→ **REQUIRED ACTION**
In the records below, find the line with "Progettata per catturare", then retype it and every following line exactly, stopping after the line with "Dieses Dialogfeld zeigt". Leave the pictures out.

Source records
★ ★ ★
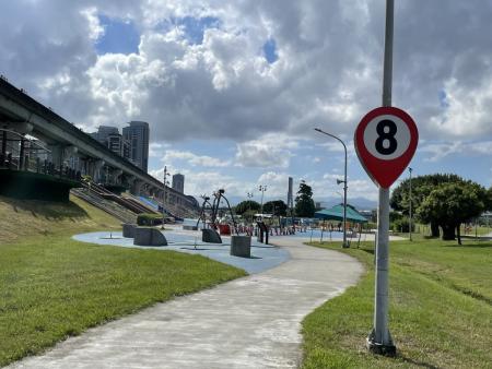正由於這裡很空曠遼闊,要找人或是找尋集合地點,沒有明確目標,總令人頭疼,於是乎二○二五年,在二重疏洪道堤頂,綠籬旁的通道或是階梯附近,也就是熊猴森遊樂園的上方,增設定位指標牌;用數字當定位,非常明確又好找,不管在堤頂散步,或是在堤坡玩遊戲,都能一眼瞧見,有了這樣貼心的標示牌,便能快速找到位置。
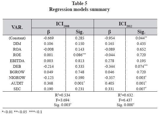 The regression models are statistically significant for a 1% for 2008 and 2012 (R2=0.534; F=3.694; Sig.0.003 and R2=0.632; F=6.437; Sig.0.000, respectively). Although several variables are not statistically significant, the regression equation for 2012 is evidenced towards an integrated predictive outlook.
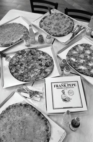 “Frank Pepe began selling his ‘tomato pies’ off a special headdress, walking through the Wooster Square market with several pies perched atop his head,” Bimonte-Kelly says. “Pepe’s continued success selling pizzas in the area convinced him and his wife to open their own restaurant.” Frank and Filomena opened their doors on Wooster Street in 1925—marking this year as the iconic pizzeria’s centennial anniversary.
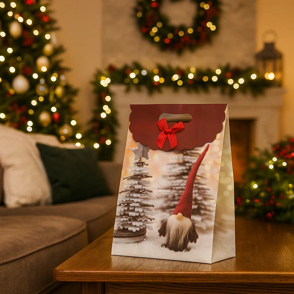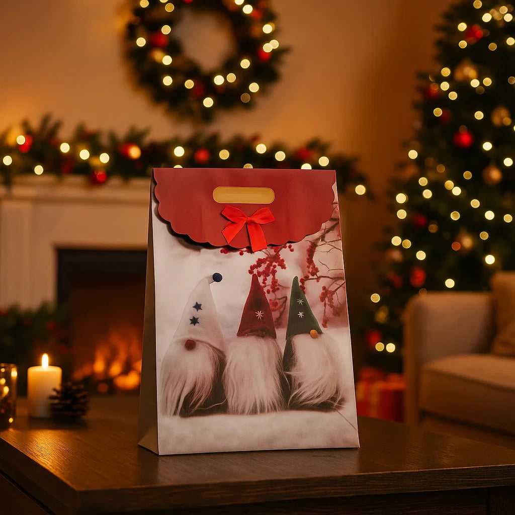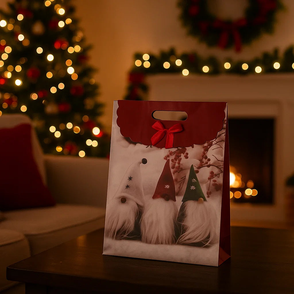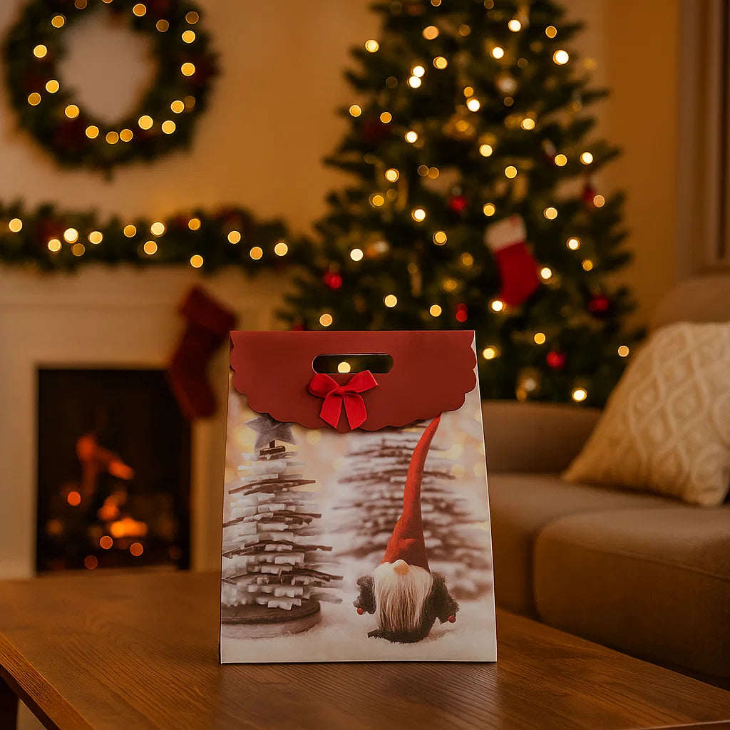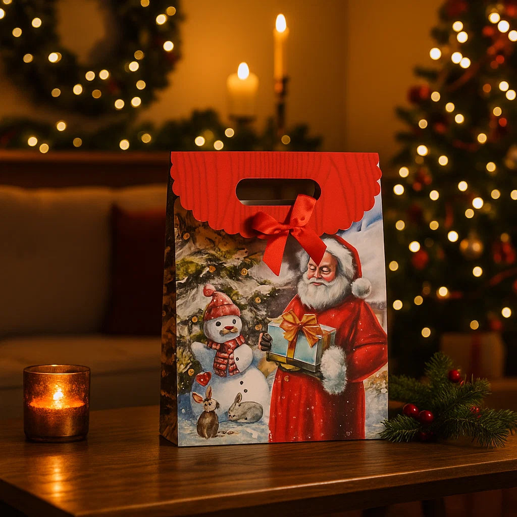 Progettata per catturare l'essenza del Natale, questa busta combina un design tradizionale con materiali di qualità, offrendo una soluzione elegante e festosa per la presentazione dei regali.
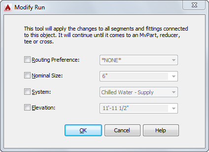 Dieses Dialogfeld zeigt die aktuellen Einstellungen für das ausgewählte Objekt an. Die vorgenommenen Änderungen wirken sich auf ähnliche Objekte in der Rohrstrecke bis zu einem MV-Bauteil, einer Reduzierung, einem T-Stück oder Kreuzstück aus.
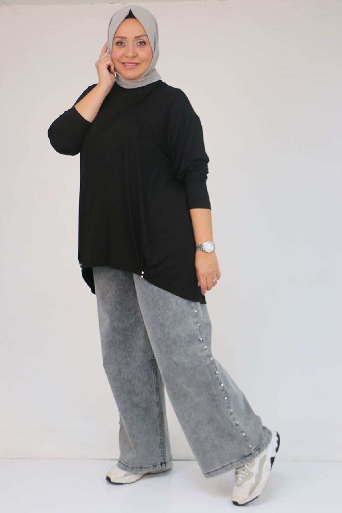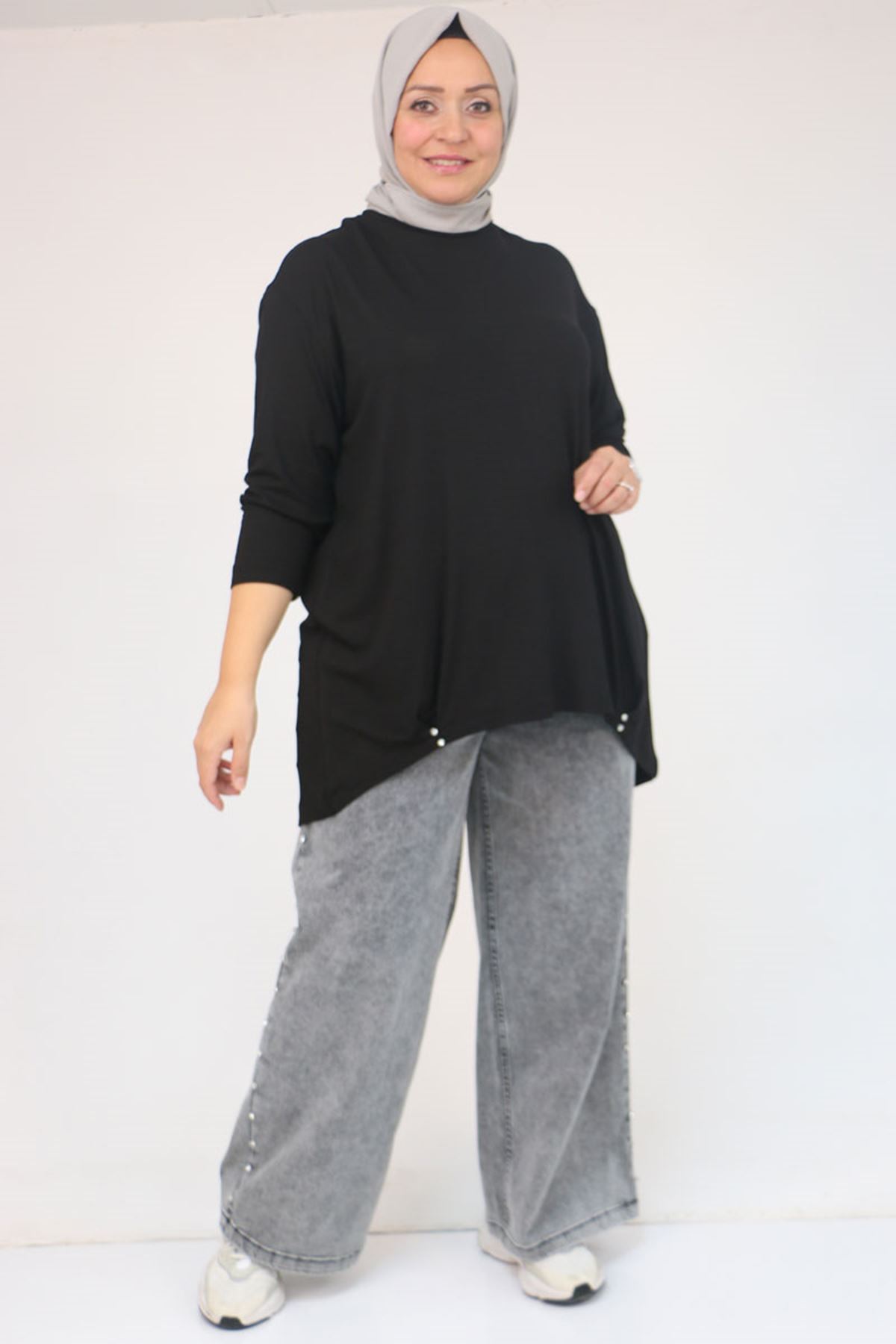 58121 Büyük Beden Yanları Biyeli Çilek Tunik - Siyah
★ ★ ★
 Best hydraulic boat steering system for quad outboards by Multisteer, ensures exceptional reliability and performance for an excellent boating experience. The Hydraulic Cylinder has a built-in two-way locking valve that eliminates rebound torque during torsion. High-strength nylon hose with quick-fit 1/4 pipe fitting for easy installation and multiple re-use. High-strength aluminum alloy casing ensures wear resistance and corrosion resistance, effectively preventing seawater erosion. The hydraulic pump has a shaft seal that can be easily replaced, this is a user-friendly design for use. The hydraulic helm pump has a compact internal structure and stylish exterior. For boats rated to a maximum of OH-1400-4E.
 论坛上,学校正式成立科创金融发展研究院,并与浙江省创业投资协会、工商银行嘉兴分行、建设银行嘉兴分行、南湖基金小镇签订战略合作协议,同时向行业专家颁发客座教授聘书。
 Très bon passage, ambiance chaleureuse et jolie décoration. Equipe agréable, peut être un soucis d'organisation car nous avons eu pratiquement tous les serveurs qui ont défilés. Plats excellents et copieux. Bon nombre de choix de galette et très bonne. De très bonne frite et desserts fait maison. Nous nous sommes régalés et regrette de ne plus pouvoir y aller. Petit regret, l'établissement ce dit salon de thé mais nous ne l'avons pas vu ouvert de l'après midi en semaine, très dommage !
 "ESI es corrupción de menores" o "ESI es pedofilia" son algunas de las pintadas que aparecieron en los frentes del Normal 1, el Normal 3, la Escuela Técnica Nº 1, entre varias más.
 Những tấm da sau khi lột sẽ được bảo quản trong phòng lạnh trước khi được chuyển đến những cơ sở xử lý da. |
★ ★ ★
→ **RESULT OF THIS EXERCISE**
 Progettata per catturare l'essenza del Natale, questa busta combina un design tradizionale con materiali di qualità, offrendo una soluzione elegante e festosa per la presentazione dei regali.
 Dieses Dialogfeld zeigt die aktuellen Einstellungen für das ausgewählte Objekt an. Die vorgenommenen Änderungen wirken sich auf ähnliche Objekte in der Rohrstrecke bis zu einem MV-Bauteil, einer Reduzierung, einem T-Stück oder Kreuzstück aus.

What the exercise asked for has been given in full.